Пенелопа вышла в большой зал лишь поздним утром в шерстяной мантии, расшитой золотыми узорами, и с ниткой лазуритовых бус. Кто знает, может, и мантия, и бусы подарены ей женихами. С уверенностью могу сказать, что, когда я уходил на Троянскую войну, их у нее не было.
Пока я ограничился лишь выражением своего восторга изяществом ее одежд и красотой синих камней, отливавших золотом. Пенелопа поблагодарила меня улыбкой, но когда я спросил у нее, не добывается ли случайно лазурит на Итаке, она сумела уйти от ответа и не сказала, откуда у нее это ожерелье. Тем самым она подтвердила мое подозрение, что это подарок одного из женихов. Наверное, Антиноя, кого же еще.

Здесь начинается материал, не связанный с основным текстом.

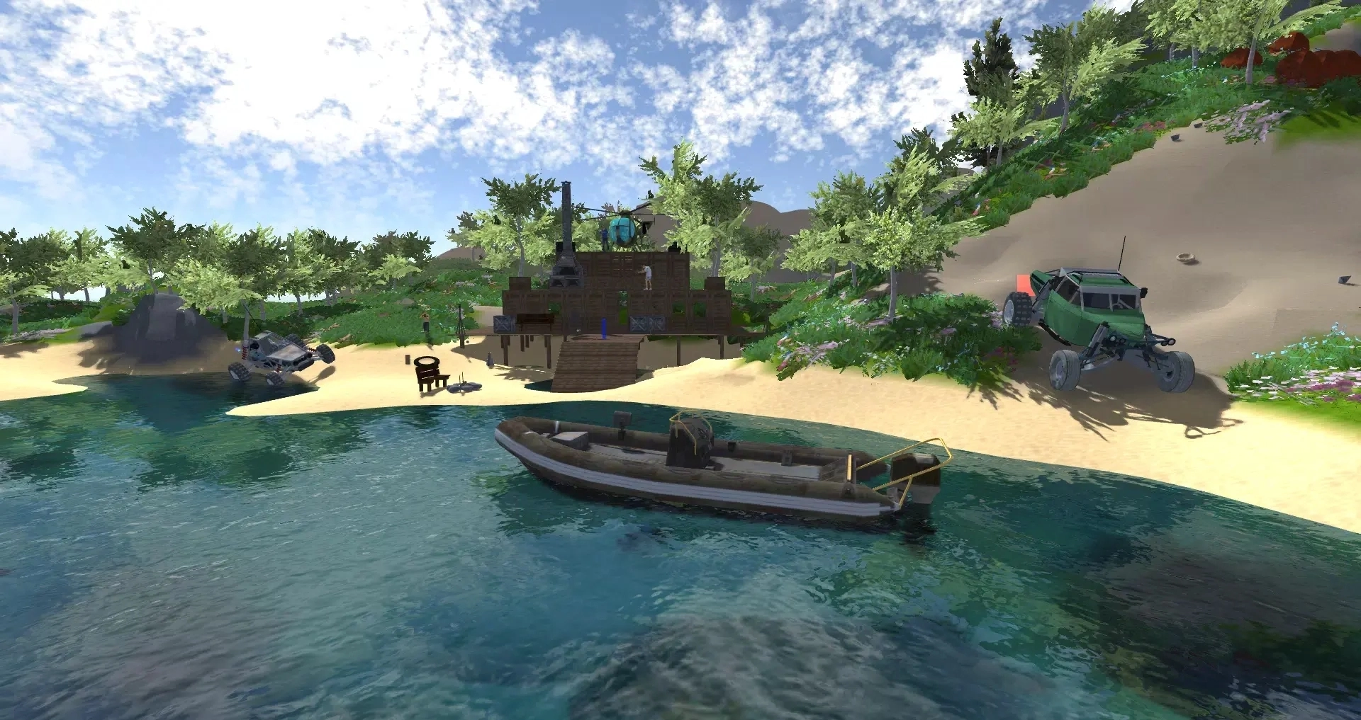 生存技能体系涵盖超50种可解锁能力,从基础的采摘、烹饪到高阶的陷阱制作、环境改造,每项技能都贴合真实生存逻辑——初期可依赖香蕉充饥,中期掌握壁炉烤肉技艺,后期更能搭建全自动农场达成食物自主。建筑系统则支持无限制创作:破坏任意地形获取资源,建造多层楼宇、地下要塞,甚至打造配备家具的奢华别墅;独特的“模块化建筑”机制还允许玩家将卡车、轮船、直升机等交通工具整合进基地,构建移动堡垒。

Пенелопа играет роль царицы. Согласен, она и есть царица, но не помню, чтобы раньше она была такой величавой, такой немногословной, такой холодной. Для начала она изрекла несколько слов, подобающих случаю, — о засухе, которая вредит садам и губит пастбища.
— Зато от засухи и солнца будет добрым и крепким вино, — сказал я.

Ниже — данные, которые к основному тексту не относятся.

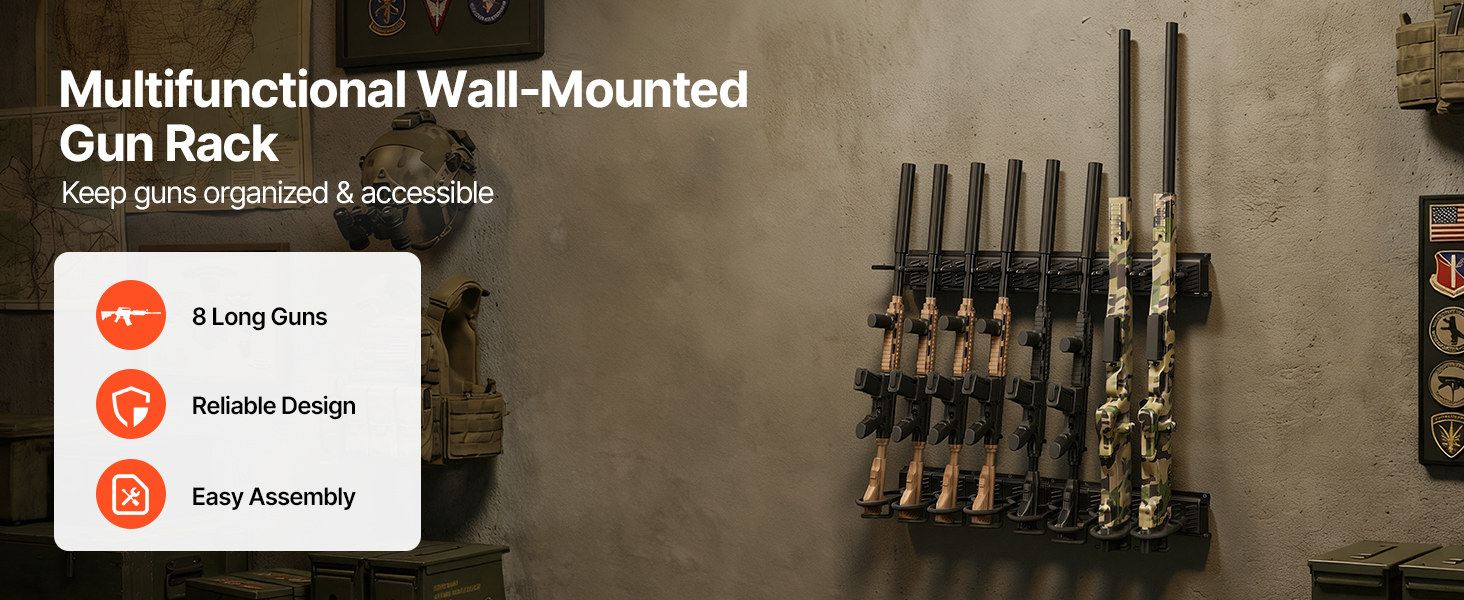 Tento nástenný držiak na zbrane pojme až 8 dlhých zbraní, čím zabezpečuje bezpečné uloženie a zároveň udržuje zbrane prehľadne usporiadané a ľahko dostupné.

— Рада за виноградарей, — ответила она, — хотя сама я вина не люблю.
Кроме того, она посетовала на то, что дороги разбиты, а пекарню надо расширить, и сказала, что необходимо вырыть новый водоем, чтобы увеличить запасы воды. Палестра заброшена: там устраивают только оргии в честь бога Диониса. То ли Пенелопа заботится о сельском хозяйстве и городских делах, то ли хочет дать мне понять, что она печется о своих подданных, чтобы я рассказывал об этом повсюду, когда вновь пущусь, как она полагает, в странствия по свету.
Потом она ушла в свои покои и позвала с собой Телемаха, с которым они долго о чем-то говорили.
Сегодня впервые с момента своего возвращения я видел Пенелопу вблизи и при дневном свете. Она так прекрасна! Все та же нежная кожа, те же длинные черные волосы, синие, как море, глаза. Когда я много лет тому назад уезжал с Итаки, она казалась мне такой хрупкой, и я представлял себе, как она страдает без меня, а теперь увидел женщину крепкую духом, уверенную в себе, несущую на себе тяготы управления островом. Я часто рассказывал о ней своим товарищам, но то были рассказы о другой женщине. Я оставил юную, нежную и заботливую жену, а теперь передо мной женщина строгая, загадочная, быть может даже более привлекательная, чем прежде, но другая, совсем другая.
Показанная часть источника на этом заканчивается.